Al terminar la final entre Argentina y Alemania en México ‘86, Ricardo Bochini se sentía distante de la alegría de sus compañeros debido a que jugó apenas cinco minutos en la Copa del Mundo (contra Bélgica en semifinales), por lo que no creía meritorio celebrar de la misma manera que lo hacían Diego Armando Maradona y Jorge Valdano, quienes habían sido fundamentales para guiar a la Albiceleste al título mundial. En cambio, el tercer arquero, Héctor Miguel Zelada, lo festejó como si hubiera atajado en todo el certamen.
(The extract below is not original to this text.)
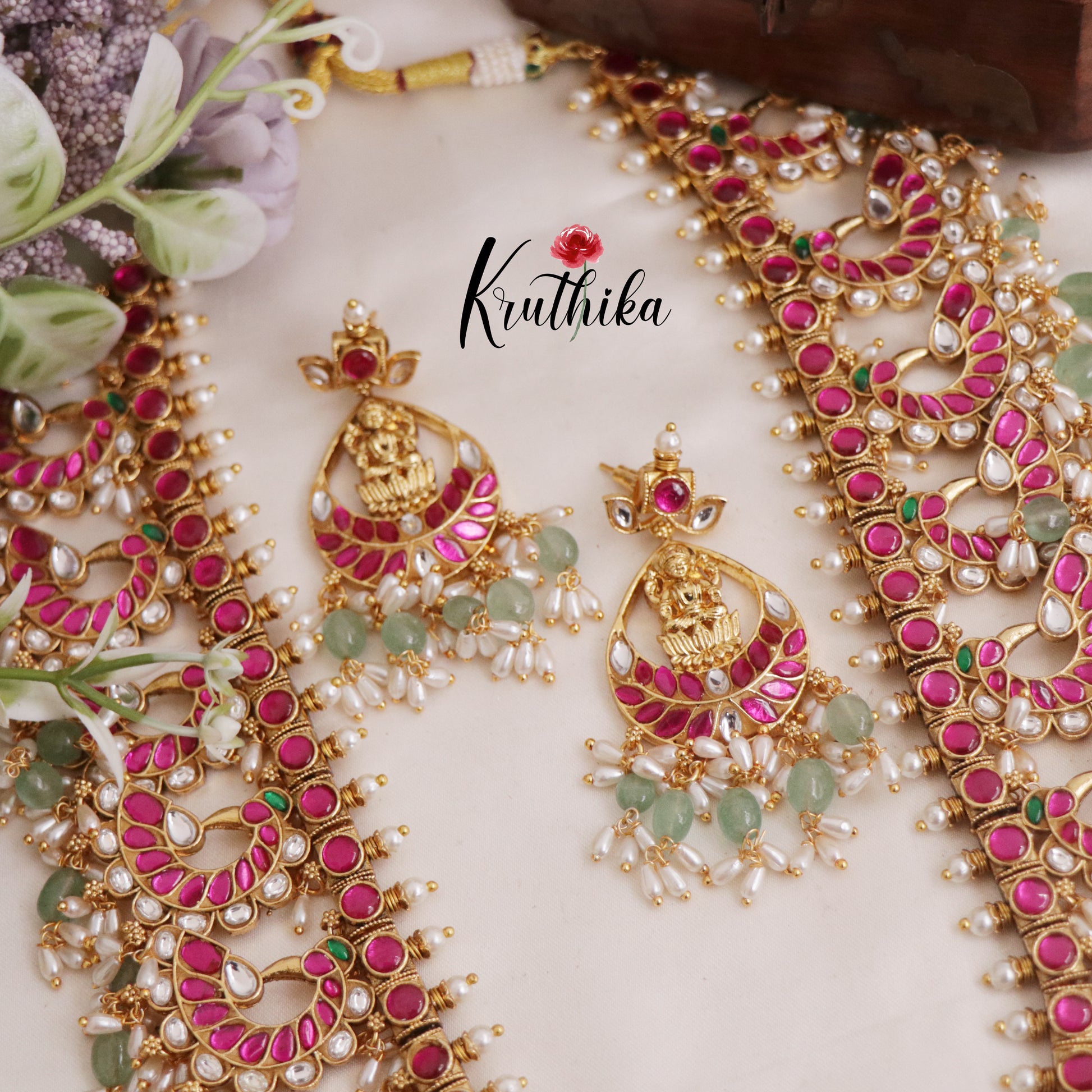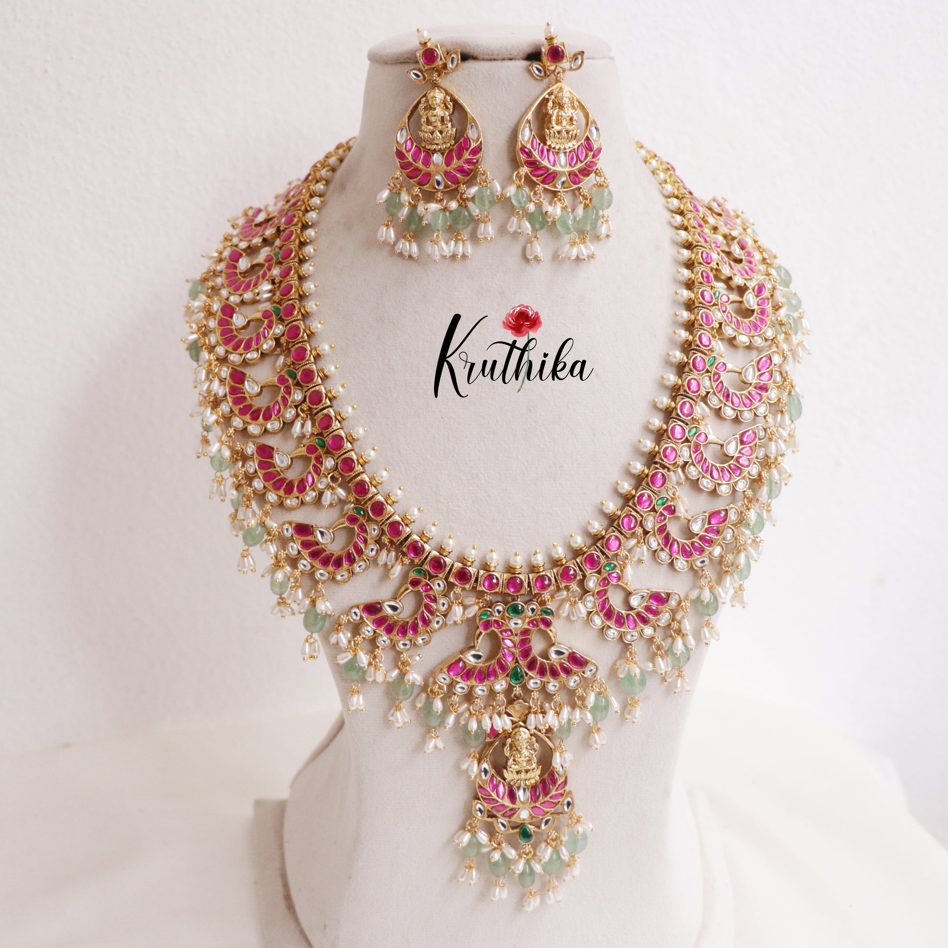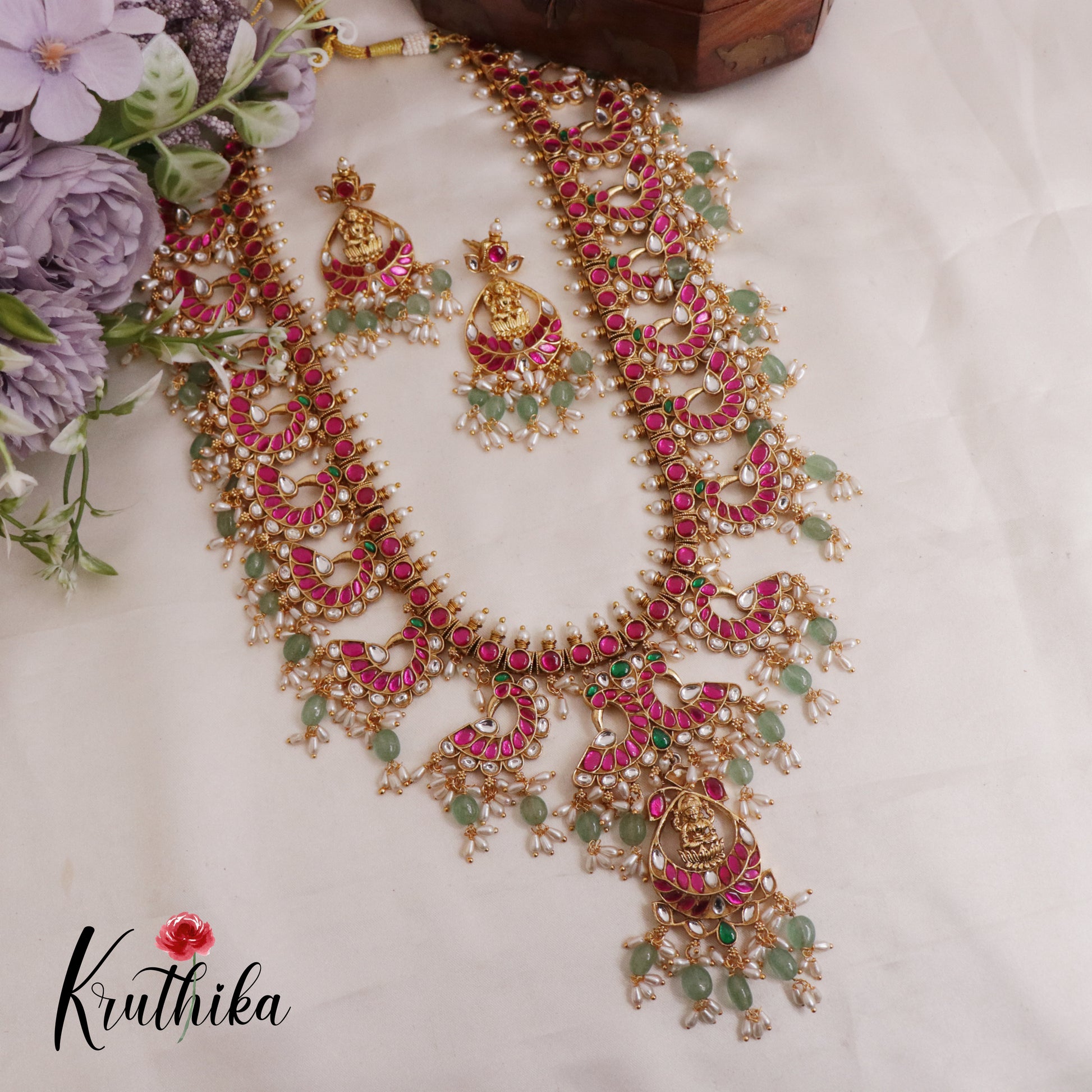 Royal Jadau Lakshmi Peacock Guttapusalu Haaram LH1996

La felicidad de Zelada no era menor. Haber integrado el plantel campeón del mundo, sin importarle ser suplente de Nery Pumpido y Luis Islas, era el punto álgido del extraordinario periodo que vivía como futbolista profesional. Todo le salía bien. En esa época el destino lo abrazó para compensarlo con una consecuente serie de episodios afortunados.
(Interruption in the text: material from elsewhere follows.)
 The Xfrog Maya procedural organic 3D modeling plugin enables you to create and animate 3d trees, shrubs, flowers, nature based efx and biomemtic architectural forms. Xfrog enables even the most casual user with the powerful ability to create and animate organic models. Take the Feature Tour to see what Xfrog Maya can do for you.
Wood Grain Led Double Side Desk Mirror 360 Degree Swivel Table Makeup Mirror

Dos años atrás del Mundial fue el gran héroe de “la final del siglo” del futbol mexicano entre América y Chivas al detener un penalti a Eduardo Cisneros. Esa acción lo encumbró como ídolo americanista y lo inmortalizó como uno de los protagonistas de las épicas imborrables en la historia de los clásicos. Pero no fue cuestión de suerte.

Contrario a quienes consideran el tiro de un penalti como una ejecución azarosa, sus responsables (portero y tirador) lo valoran como una confrontación directa que requiere de talento para pegarle a la pelota o atajarla. Así quedó demostrado en esa final de la temporada 1983-84 que definió el camino de Zelada y Cisneros: uno se volvió leyenda laureada, el otro un olvidado maltratado.

Eduardo Cisneros, antagonista de aquel partido, reconoció que su falla fue un gran acierto del arquero. “Zelada fue más listo que yo”, le comentó en el exilio de la vejez a Félix Fernández al rememorar ese penalti que le cambió la vida para mal.

La declaración de Cisneros tenía una razón de ser: el portero americanista estudió su forma de cobrar penaltis. El propio exjugador de Chivas admitió que su pecado fue ser predecible, es decir, amarrarse al tradicionalismo de tirar siempre de la misma manera y al mismo lugar desde el manchón.

Zelada hizo lo que otros guardametas del futbol nacional no hicieron con anterioridad; Cisneros era un ejecutor perfecto, nunca fallaba, sin embargo, nadie lo había analizado como el argentino. La confirmación de que el arquero americanista lo tenía estudiado por completo sucedió en la temporada 1984-85, un año después de “la final del siglo”, torneo en que se reafirmó la gloria para el hombre de los guantes.

América y Chivas se cruzaron en Cuartos de final de la liguilla. Oh, broma cruel de la vida, el futbol puso nuevamente a Cisneros frente a Zelada en el manchón. ¡Y se repitió lo de 1984! En copia calca del año anterior, el jugador rojiblanco volvió a fallar; el guardameta americanista detuvo el tiro porque sabía a qué lado de su arco iba a ser tirado.

Entonces vino la tragedia de Cisneros. Fue sacado del campo por su entrenador, Alberto Guerra, para exhibirlo ante la afición del Estadio Jalisco, que además no le perdonaba el yerro de la final. Por supuesto, se fue abucheado. Su técnico tampoco lo convocó para el juego de vuelta en el Azteca, castigándolo de esa forma para iniciar el trámite de correrlo de Chivas, despido que aconteció tras ser eliminados por el América. Cisneros fue echado por la puerta de atrás.

Marcado por los penaltis de 1984 y 1985, menospreciado en el mercado por una salida en malos términos de Chivas, el jugador encontró acomodo en Irapuato, club del que también fue despedido por una causa injusta: no le pagaban su sueldo y exigió que se le cumpliera el pago de su salario. Haber reclamado le costó que lo corrieran. Como consecuencia de esta situación prefirió retirarse. Se alejó en silencio de las canchas, sin llamar la atención.

Así, mientras Cisneros se arrumbaba en el olvido salvo por el recordatorio de su nombre debido a los penaltis fallados contra América, Zelada era campeón del mundo sin necesidad de haber disputado un solo segundo como titular.